Router Transformation Examples
You might use a Router transformation in one of the following ways:
- •Group inventory items by different price categories and route each group to different target tables based on conditions that test for low, medium, and high prices.
- •Group data by different country attributes and route each group to different target tables based on conditions that test for the continent.
For example, your source includes data for customers in different regions. You want to configure a marketing campaign with variants for customers in the North America, Asia Pacific, and EMEA regions. All other customers see the default ad campaign. In this case, you can use a Router transformation to apply the conditions and filter the data to four different Target transformations.

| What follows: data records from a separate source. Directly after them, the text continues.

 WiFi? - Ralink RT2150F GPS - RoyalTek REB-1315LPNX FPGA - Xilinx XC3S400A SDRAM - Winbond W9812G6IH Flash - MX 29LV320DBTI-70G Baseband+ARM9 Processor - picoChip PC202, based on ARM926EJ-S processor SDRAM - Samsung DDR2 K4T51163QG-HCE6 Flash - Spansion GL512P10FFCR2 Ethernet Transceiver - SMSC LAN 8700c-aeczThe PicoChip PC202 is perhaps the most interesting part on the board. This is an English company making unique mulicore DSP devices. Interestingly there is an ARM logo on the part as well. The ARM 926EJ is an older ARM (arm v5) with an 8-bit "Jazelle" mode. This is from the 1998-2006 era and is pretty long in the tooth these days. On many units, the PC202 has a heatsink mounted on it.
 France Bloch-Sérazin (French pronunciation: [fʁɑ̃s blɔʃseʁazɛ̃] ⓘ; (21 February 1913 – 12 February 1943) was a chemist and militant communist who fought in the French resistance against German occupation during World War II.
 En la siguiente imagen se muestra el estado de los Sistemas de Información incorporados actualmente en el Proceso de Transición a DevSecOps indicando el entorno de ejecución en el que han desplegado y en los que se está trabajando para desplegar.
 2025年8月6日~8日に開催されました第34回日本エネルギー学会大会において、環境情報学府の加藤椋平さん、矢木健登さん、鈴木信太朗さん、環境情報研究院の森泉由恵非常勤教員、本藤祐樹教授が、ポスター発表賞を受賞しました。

The following figure shows a mapping with a Router transformation that filters data based on these conditions:
You create two output groups and specify two group filter conditions on the Output Groups tab as shown in this table:
Group Name | Group Filter Condition |
---|
NA | region = ‘NA’ |
EMEA | region = ‘EMEA’ |
APAC | region = ‘APAC’ |
In this case, the default group would include data for all customers who are not in the North America, EMEA, or APAC regions.

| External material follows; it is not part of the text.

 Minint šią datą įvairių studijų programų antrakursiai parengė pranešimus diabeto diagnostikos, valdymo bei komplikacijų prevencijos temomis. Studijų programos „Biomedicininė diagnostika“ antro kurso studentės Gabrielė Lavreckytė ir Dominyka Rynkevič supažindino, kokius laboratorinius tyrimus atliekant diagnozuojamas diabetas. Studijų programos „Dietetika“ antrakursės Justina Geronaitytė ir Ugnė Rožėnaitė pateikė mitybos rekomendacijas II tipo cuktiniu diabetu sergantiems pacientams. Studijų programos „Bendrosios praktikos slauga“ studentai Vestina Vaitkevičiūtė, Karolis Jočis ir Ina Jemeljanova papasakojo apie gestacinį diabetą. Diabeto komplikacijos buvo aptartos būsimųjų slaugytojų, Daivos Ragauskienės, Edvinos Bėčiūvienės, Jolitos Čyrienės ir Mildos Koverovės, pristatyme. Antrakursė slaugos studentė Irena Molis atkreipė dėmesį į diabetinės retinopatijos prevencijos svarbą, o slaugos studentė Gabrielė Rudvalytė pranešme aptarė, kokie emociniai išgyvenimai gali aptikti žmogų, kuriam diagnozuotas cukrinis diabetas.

Also note that a Router transformation passes data through all output groups that meet the filter condition. In the following example, the conditions test for an employee salary threshold and the filter conditions for the two output groups overlap:
Group Name | Group Filter Condition |
---|
Group1 | employee_salary > 20000 |
Group2 | employee_salary > 30000 |
When the Router transformation processes an input row data with employee_salary=35000, it routes the data through output groups 1 and 2.
If you want to pass the data through a single output group, define the filter conditions so they do not overlap. For example, change Group1 to employee_salary <= 30000.